Every line from the one with "hello.hellospring.domain 패키지 생성, Member" up to and including the one with "Infinity Note Necklace" is to be output exactly as it appears below; pictures are not.

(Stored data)

________

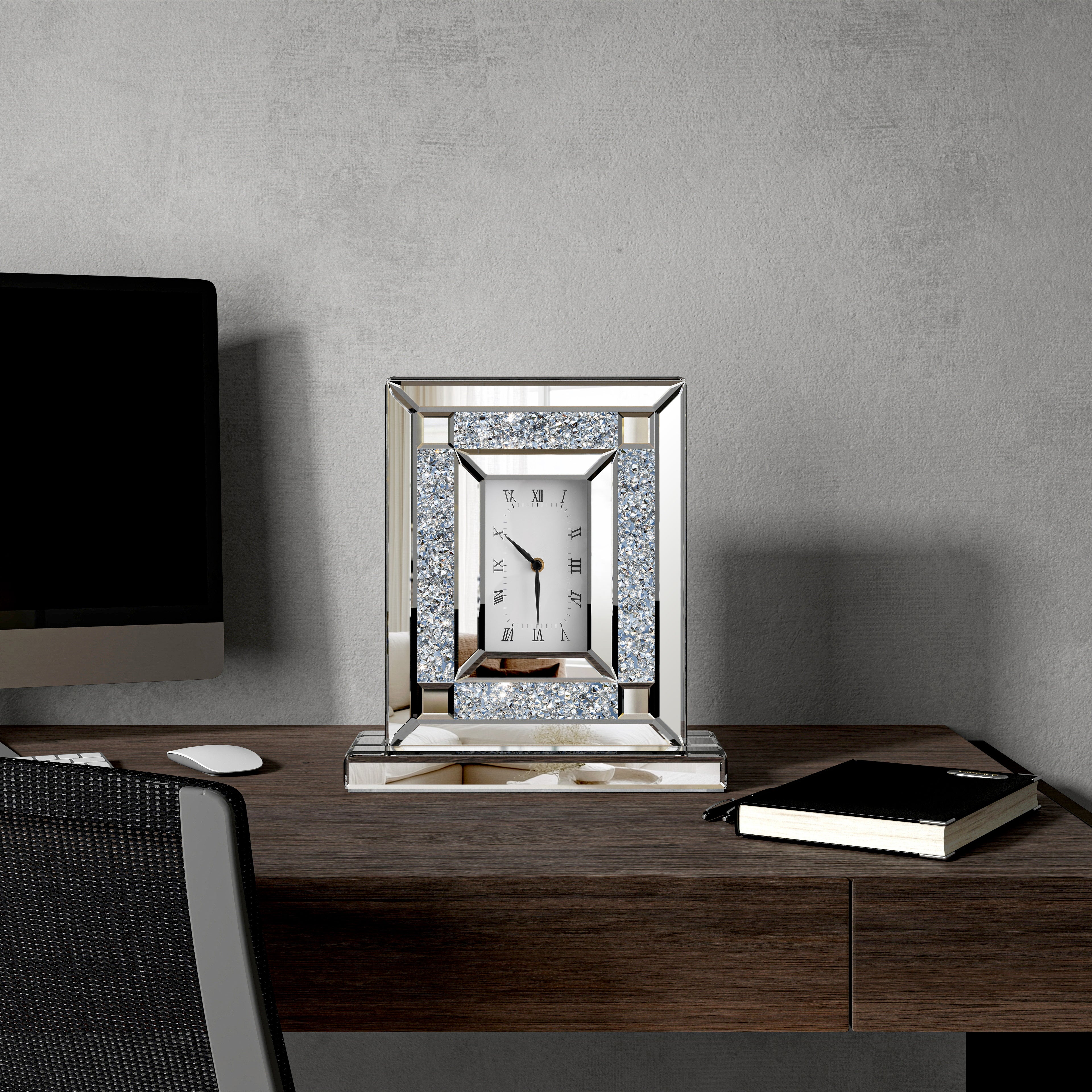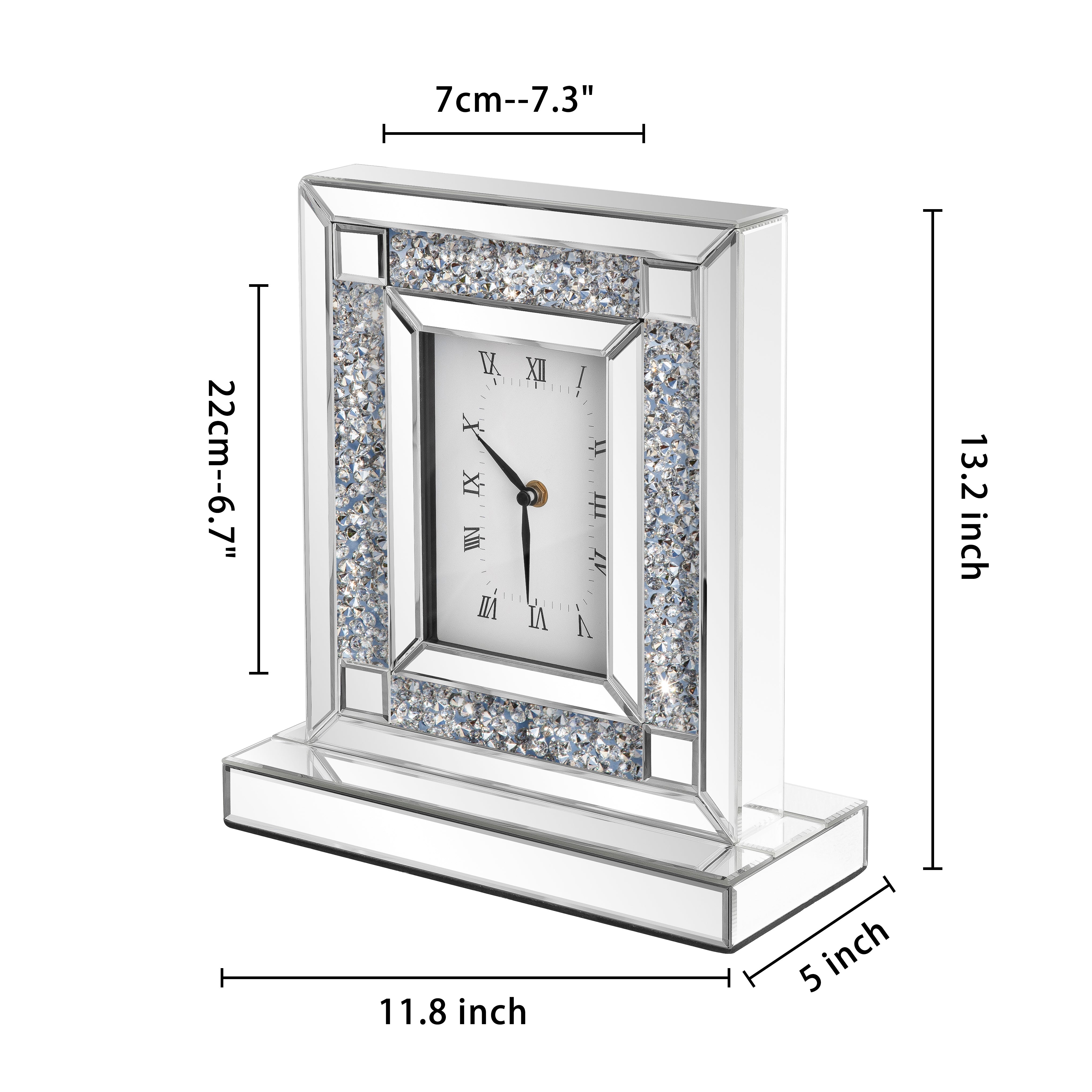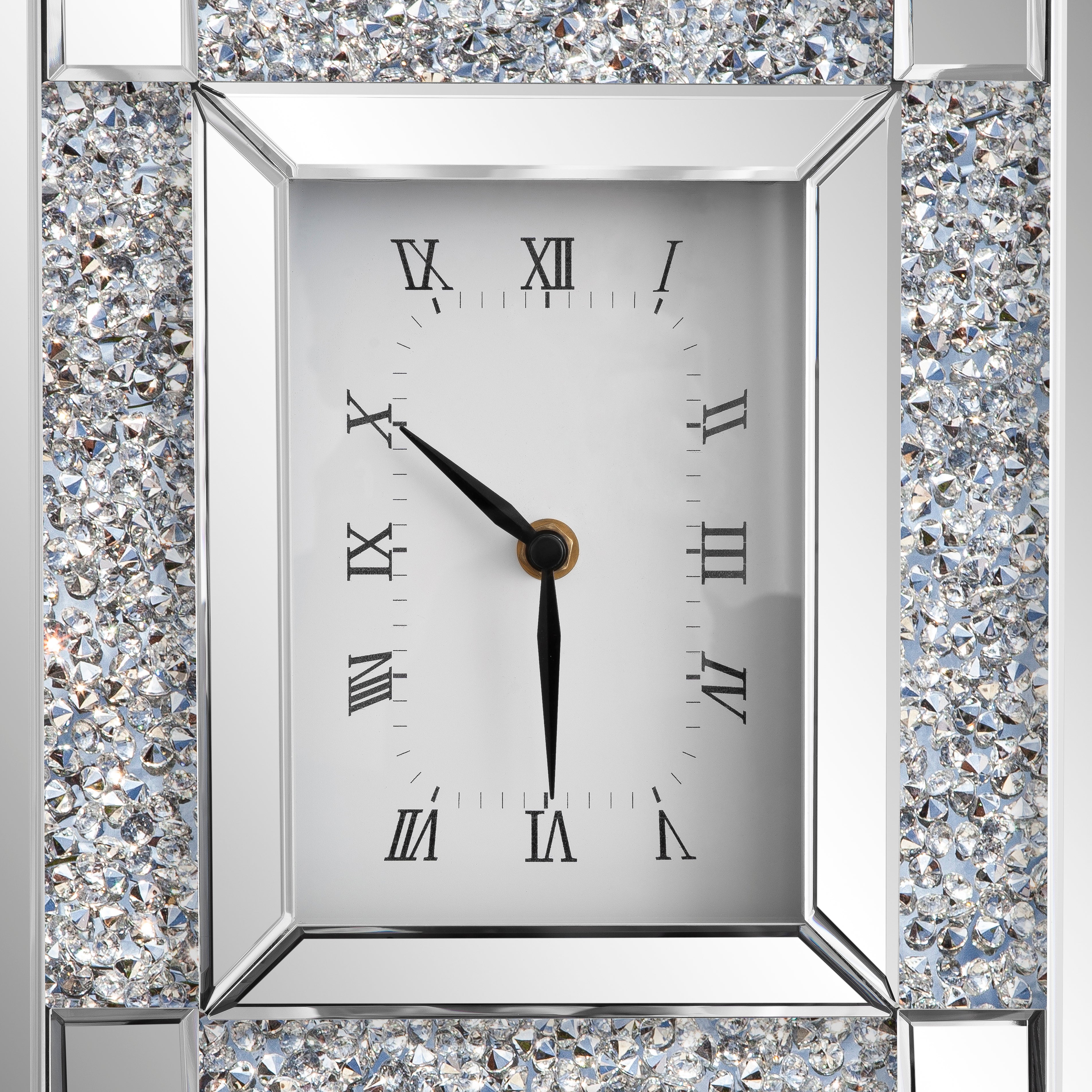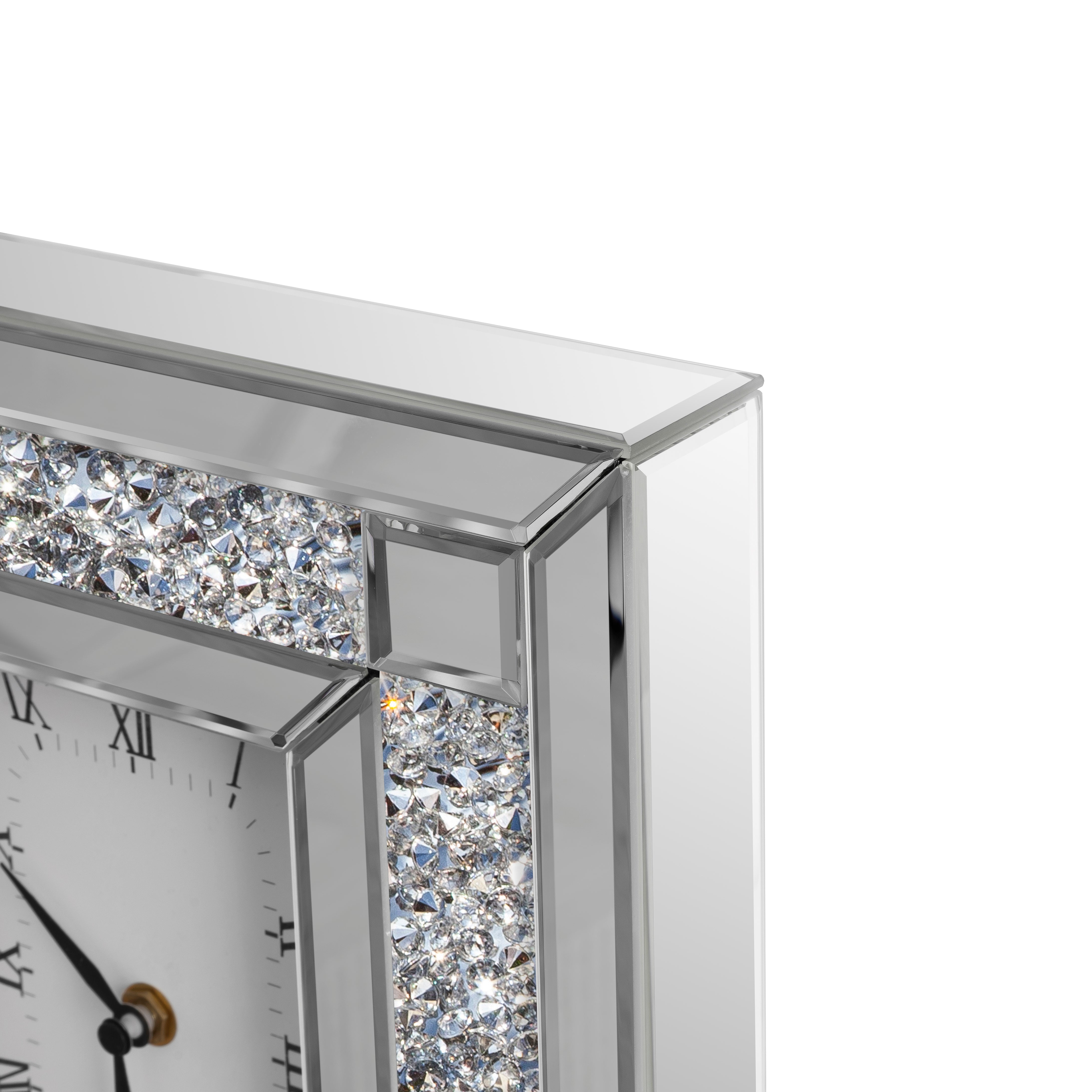 Elevate your home with this glamorous mirrored table clock. Dazzling crushed diamond accents add sparkle, while the beveled glass and Roman numerals create a sophisticated look. Crafted with a durable MDF back and featuring precise quartz movement for accurate timekeeping. Available with silver or black crushed diamonds. Perfect for your living room, bedroom, or mantel.
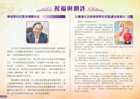 華德是一所有優良傳統的學校,多年來秉承基督的精神服務區內的 作為校友、神父和校監,我對學校有三種祝願:
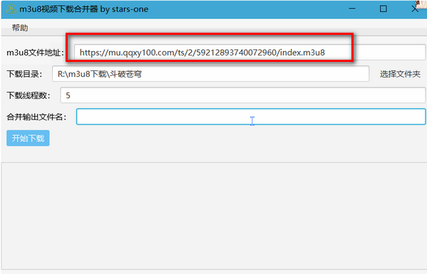 在程序输入获得的m3u8文件的在线地址,之后,软件会通过此地址进行下载m3u8文件、key文件(如果有加密的haunted)和ts文件,并进行解密合并,最后会输出一个mp4格式的文件。
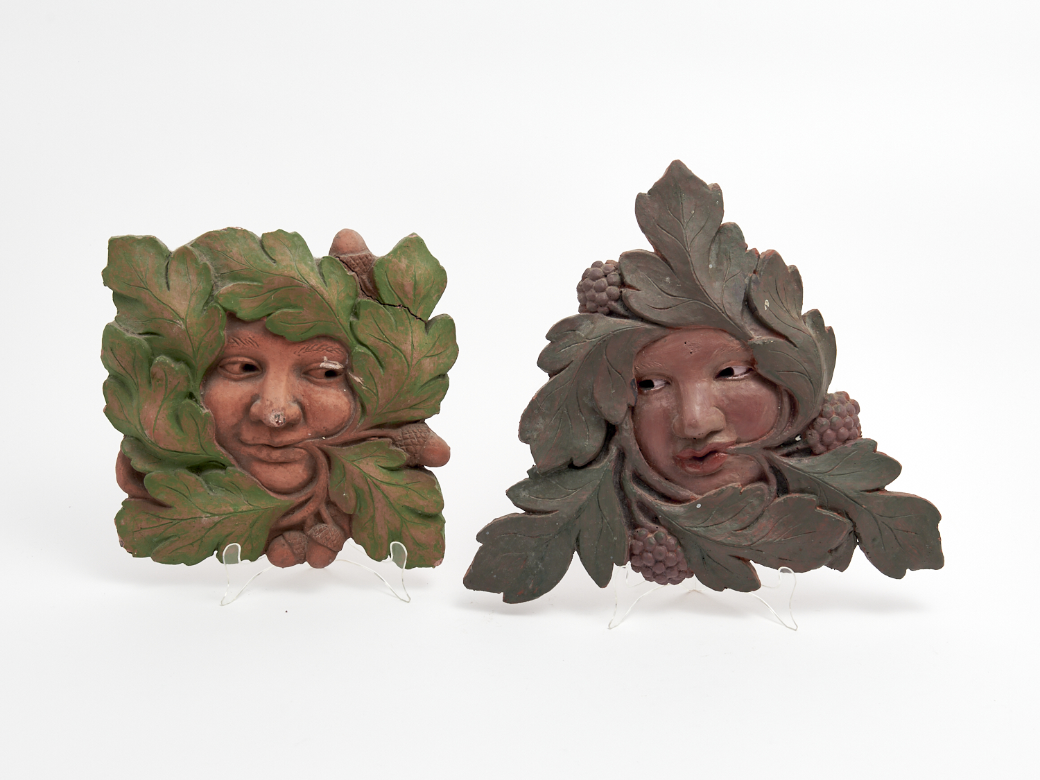 TWO CERAMIC WALL PLAQUES W.36CM (LARGEST) (ONE A/F), LEONARD JOEL DELIVERY SIZE: MEDIUM
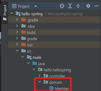 hello.hellospring.domain 패키지 생성, Member 클래스 파일 작성
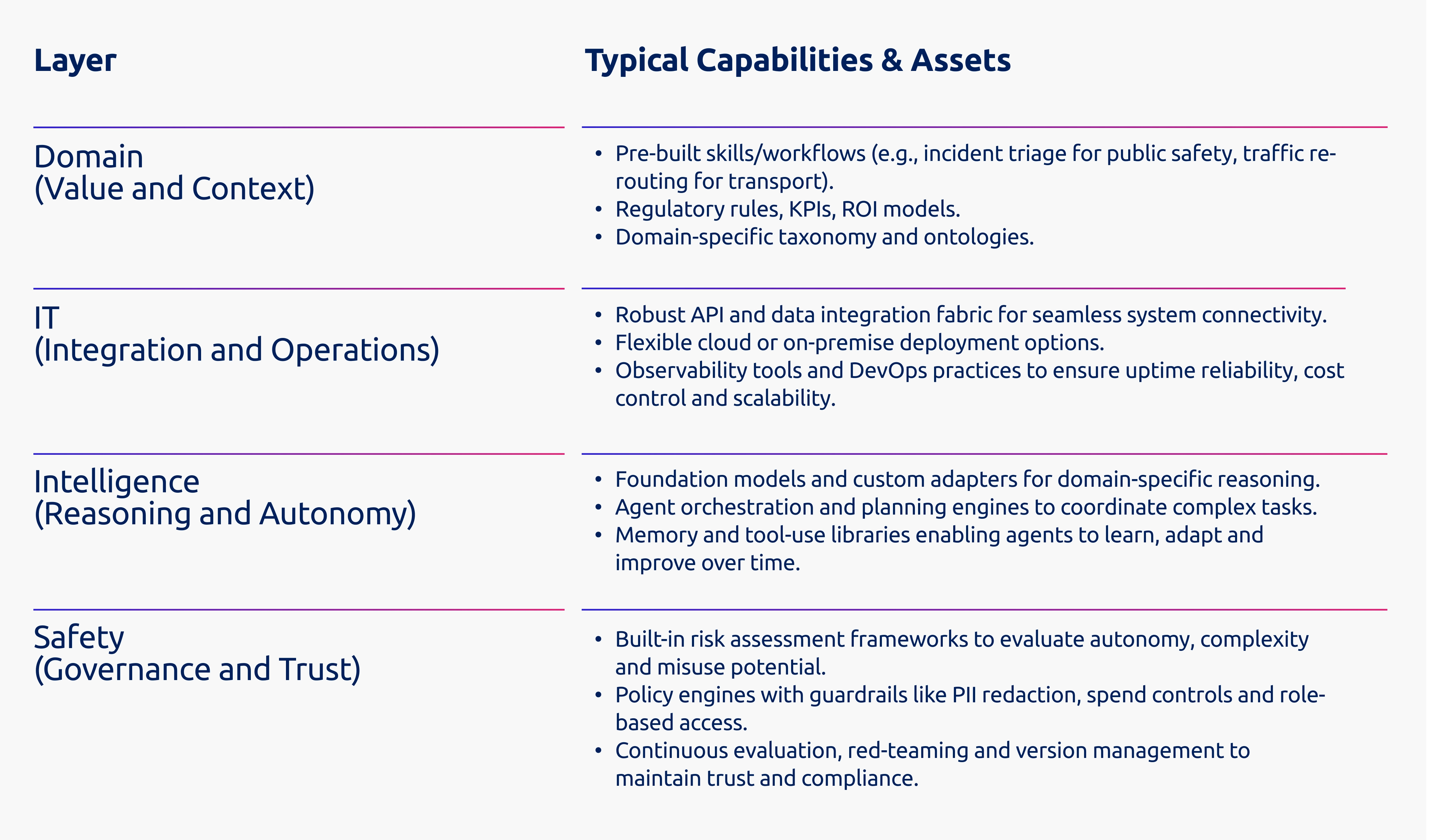 Agentic AI only delivers lasting value when its technical blocks map cleanly to business responsibilities. NCS AgentCanvas is designed with four interlocking layers: Domain, IT, Intelligence and Safety. Together, they create intelligent systems capable of acting autonomously while staying fully governed and aligned to your needs.
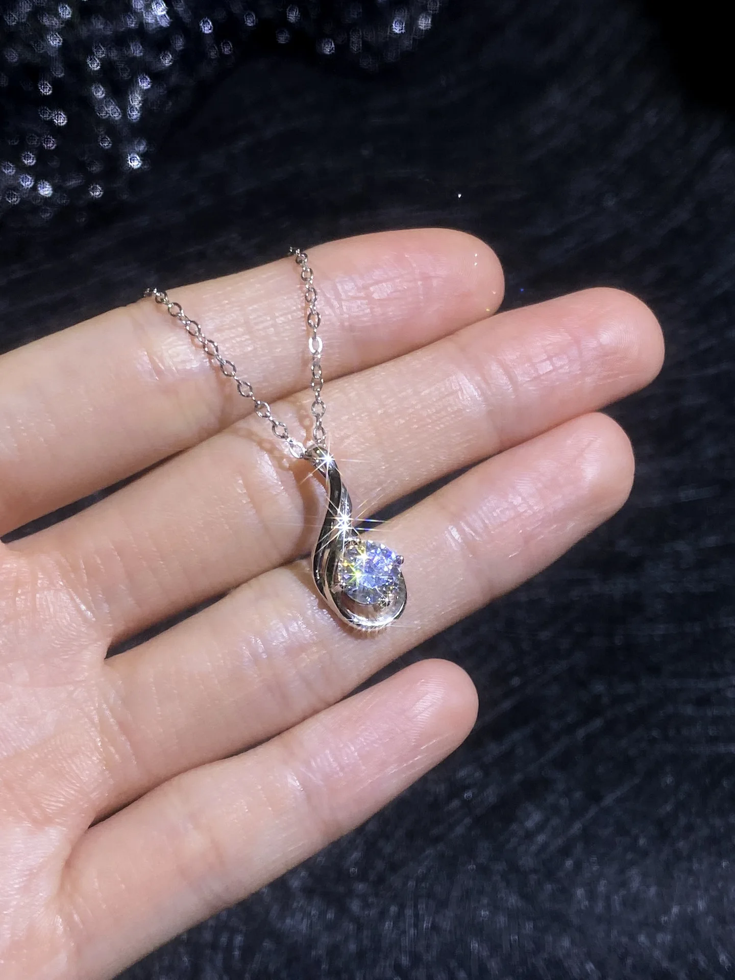 Infinity Note Necklace PT950 1Ct Japanese-Korean Minimalist Water Drop Pendant Hypoallergenic Platinum Jewelry Gift
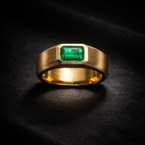 A single Muzo emerald. Bezel-set in brushed 18K gold. Sourced directly from Colombia’s most storied mining region and certified for origin.
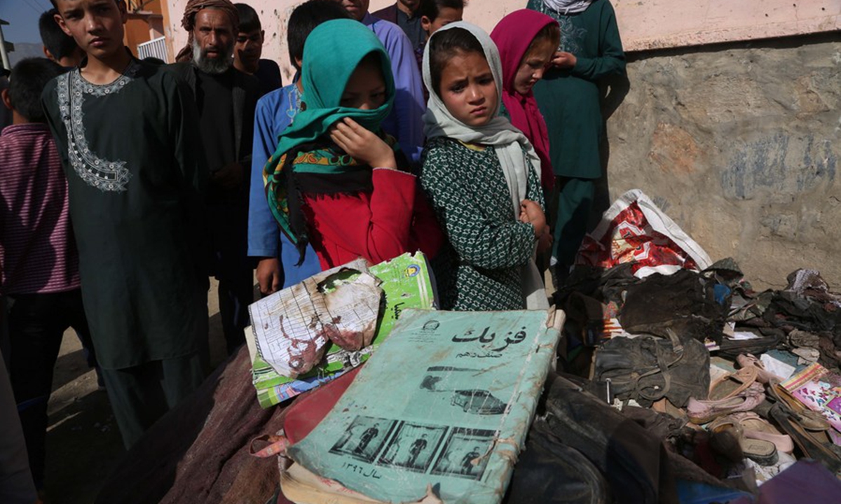 Photo taken on May 9, 2021 shows the books of students who were killed in a car bomb attack at the site of explosion in Kabul, capital of Afghanistan. Photo: Xinhua
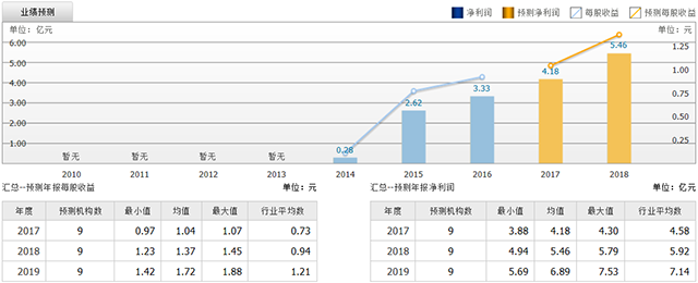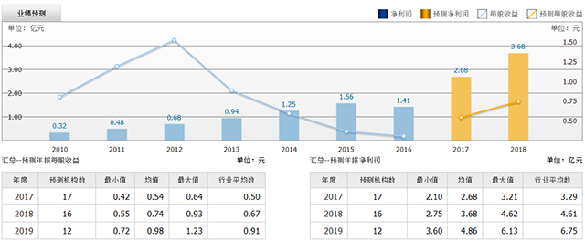 截至2017年7月17日,6個(gè)月以?xún)?nèi)共有 17 家機(jī)構(gòu)對(duì)泰格醫(yī)藥的2017年度業(yè)績(jī)作出預(yù)測(cè);預(yù)測(cè)2017年每股收益 0.54 元,較去年同比增長(zhǎng) 80%,預(yù)測(cè)2017年凈利潤(rùn) 2.68 億元,較去年同比增長(zhǎng) 90.4% 。
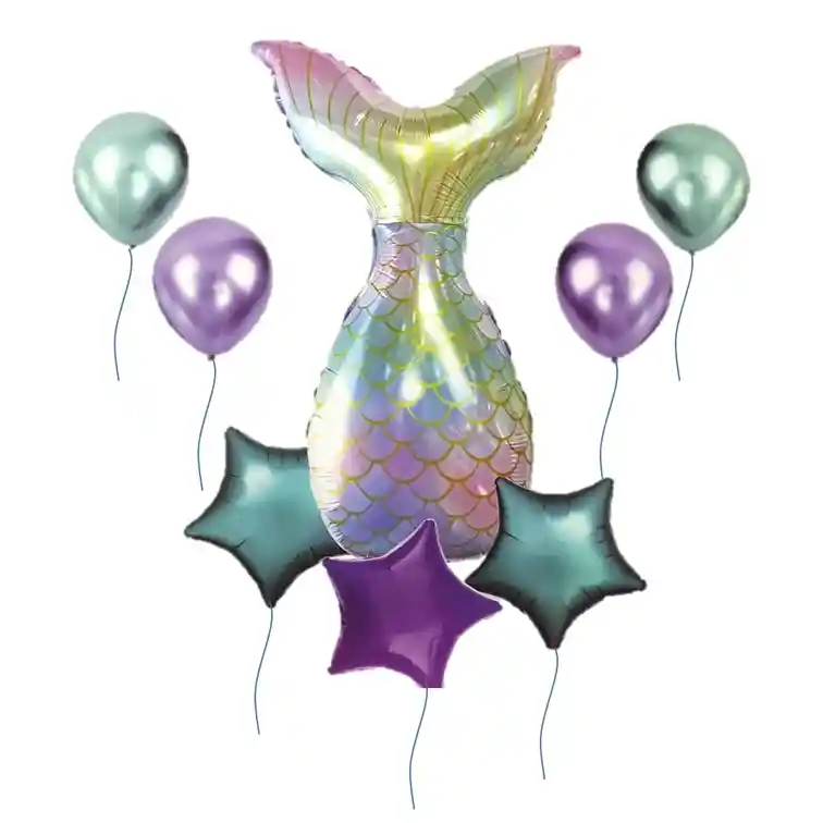 Globos Sirena *8 undidades 1 globo cola de sierna 3 globos estrella de 45 cm 4 globos latex cromados Disponiblidad inmediata

________

■ **EXERCISE OUTPUT**:
 hello.hellospring.domain 패키지 생성, Member 클래스 파일 작성
 Agentic AI only delivers lasting value when its technical blocks map cleanly to business responsibilities. NCS AgentCanvas is designed with four interlocking layers: Domain, IT, Intelligence and Safety. Together, they create intelligent systems capable of acting autonomously while staying fully governed and aligned to your needs.
 Infinity Note Necklace PT950 1Ct Japanese-Korean Minimalist Water Drop Pendant Hypoallergenic Platinum Jewelry Gift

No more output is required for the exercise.